I eat a pretty strict “Primal Blueprint” diet…no grains, legumes, refined sugar, LOTS of animal protein, healthy fats, nuts, seeds and vegetables with a limited dairy intake…BUT I do enjoy a Meatless Monday on occasion. Some days just call for lighter fare. One of the most satisfying and enjoyable vegetarian meals for me is my adapted version of the Eggplant Parmesan recipe from Elana Amsterdam’s Gluten Free Almond Flour Cookbook. I had a wonderfully enjoyable lunch today with my Dad, this recipe is one of his favorites too!
So, here you go…Enjoy!
- 1 1/2 pounds eggplant
- 1 1/2 cups blanched almond flour
- 1 teaspoon sea salt
- 1 cup buttermilk
- 4 tablespoons coconut oil (or other high heat cooking oil)
- 3 cups tomato sauce
- 1-2 cups freshly grated mozzarella cheese (depending on how cheesy you like it!)

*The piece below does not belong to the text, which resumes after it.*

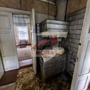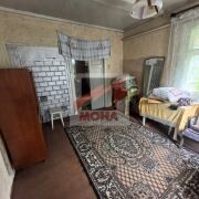 Общая площадь строения 112 метров, в доме 5 комнат, 3 входа, 2 действующих печи, есть газ и свет, канализация отсутствует, колодец на улице.

- 1/4 cup freshly grated Parmesan cheese
Heat the coconut oil in a large skillet over medium-high heat. Sauté the eggplant for 3 to 5 minutes per side, until golden brown. Transfer the eggplant to a paper towel–lined plate.
Pour 1 cup of the Tomato Sauce into a 13 by 9-inch baking dish. Layer the eggplant over the sauce; cover the eggplant with 1 cup of the sauce and 1 cup of the mozzarella. Place the remaining eggplant over the top, then cover with the remaining sauce and mozzarella.
Bake for 10 to 15 minutes, until the cheese is melted and the edges are bubbling. Remove from the oven and top with grated Parmesan cheese before serving.